5 additional summer film evaluations
- How does this run game shake out? — They seem to be committed to being more balanced on offense and now they have a fascinating 1-2 RB duo of Mark Ingram and Adrian Peterson. The Saints also hope that rookie draft pick Alvin Kamara will give them Reggie Bush-type explosive production, especially on third down in the passing game. Peterson and Ingram should dominate on early downs with inside runs, and that opens up potentially strong play action. They will work behind an excellent lead FB in John Kuhn. Brees will love this new offensive balance.
- Can they replace WR Brandin Cooks? — Their loss is New England’s gain, and as dynamic as Cooks was, these Saints coaches seem to feel good about who they have at WR. They replaced him with free agent Ted Ginn Jr., so they will have that speed element outside, and young Michael Thomas is a star in the making and he can run every route.
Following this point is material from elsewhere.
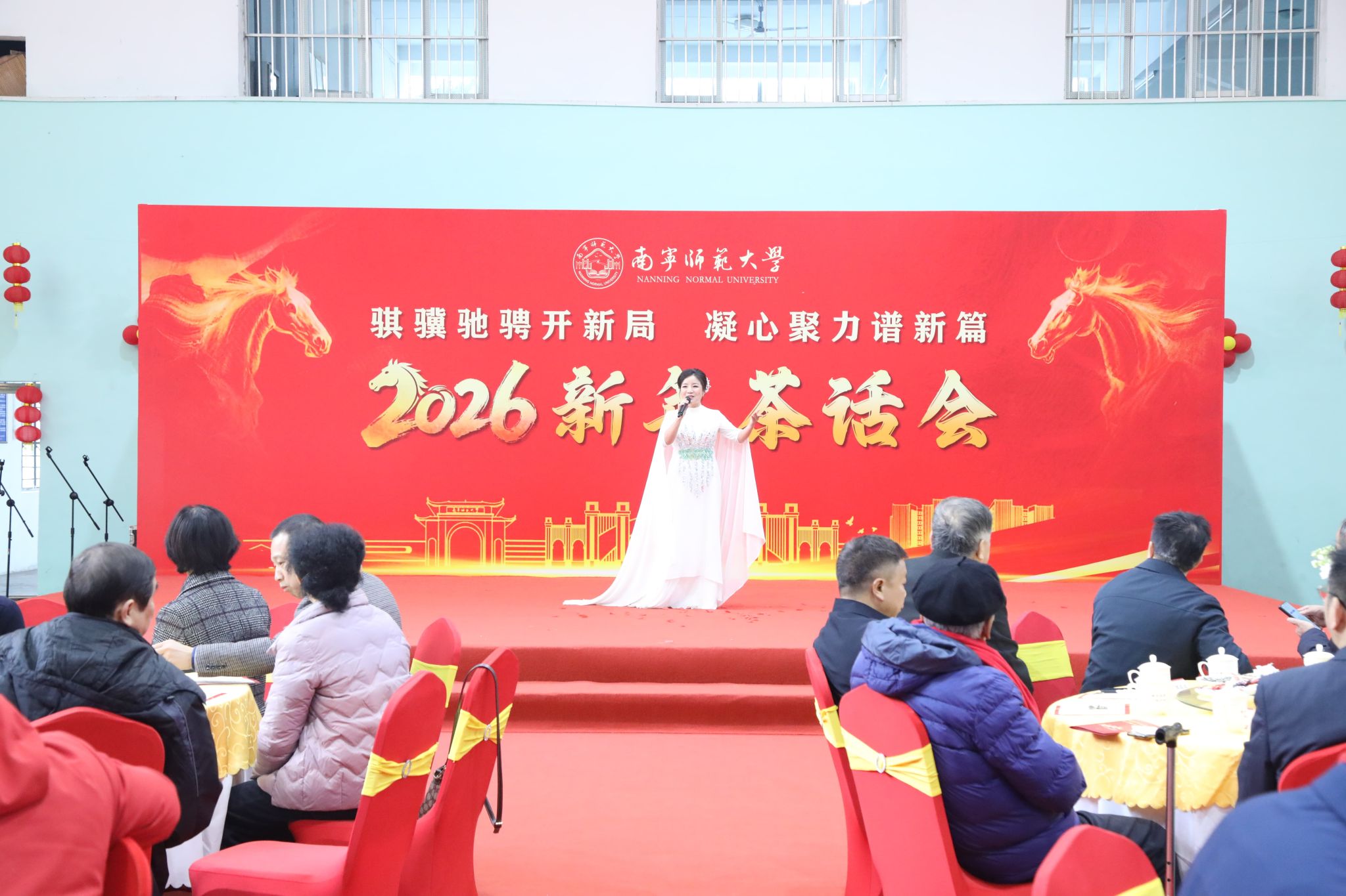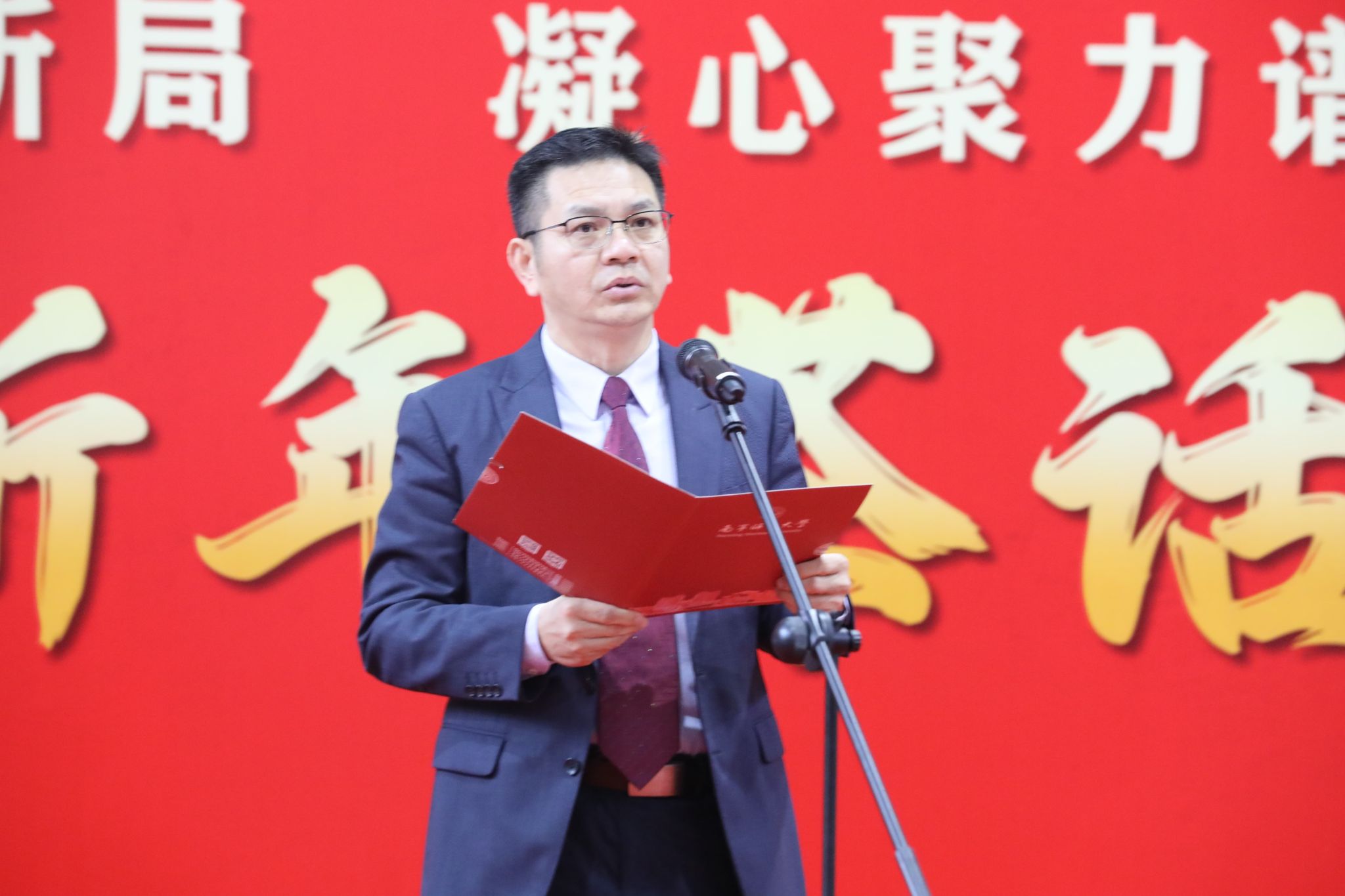 校党委书记张鹏代表学校党委,向各位老领导、老同志、民主党派和无党派人士、全校师生员工、广大校友以及关心支持学校发展的社会各界朋友们,致以诚挚的祝福和崇高的敬意。他指出,2025年是学校发展史上极具里程碑意义的一年。我们坚持以习近平新时代中国特色社会主义思想为指导,深入贯彻党的二十届四中全会精神及党中央和自治区党委决策部署,团结带领全校师生深化改革、接续奋斗,圆满完成“十四五”规划收官任务,推动学校高质量发展迈出坚实步伐。他强调,2026年是“十五五”规划开局之年,也是学校实现高质量发展的关键之年。学校将继续坚持和加强党的全面领导,全力推进“十五五”规划落地实施,真抓实干、乘势而上,为建成教师教育特色鲜明的高水平师范大学、服务广西经济社会发展作出新的更大贡献。
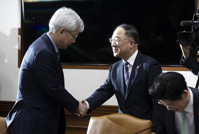 홍남기(오른쪽) 경제부총리 겸 기획재정부 장관이 10일 오전 서울 종로구 정부서울청사에서 열린 중동상황 관련 관계장관회의에서 이태호 외교부 2차관과 악수하고 있다.

Willie Snead is solid out of the slot, young Brandon Coleman gives them a nice No. 4 option and they expect a strong year from TE Coby Fleener. Cooks is an elite player, but Brees will make his new receiving corp better.
- Is this secondary as improved as they think? — Statistically they were the worst pass defense in the league in 2016, and yet they seem to feel that they are making progress. They are pretty solid in their three-safety packages, but they are a work in progress at DC, and if they are forced to blitz more to create pressure, the success of this unit will likely come down to how well the corners play vs. the deep ball in man coverage. SS Kenny Vaccaro is the star to build around in this group.
- How much does Brees have left? — Like Tom Brady, Brees shows no signs of slowing down. He still has impeccable accuracy, he reads defenses as well as anybody and now he has a run game that should prevent him from forcing the ball into coverage to create more big plays. He is durable and he doesn’t take a lot of hits, and he and Sean Payton have mastered this offense. Their play calling is as good as it gets. Look for a big year from Brees in 2017.
- What is the philosophy of this defense? — They have been terrible for a long time, but Dennis Allen’s crew started to slowly show signs of improvement in the second half of the 2016 season. They are optimistic about their run defense, their communication is better and even though they were last in pass defense a year ago, they see some improvement. But they must generate more explosive plays. We see a lot of three-safety looks and changing personnel packages, and Allen may turn them loose this season with more blitzes.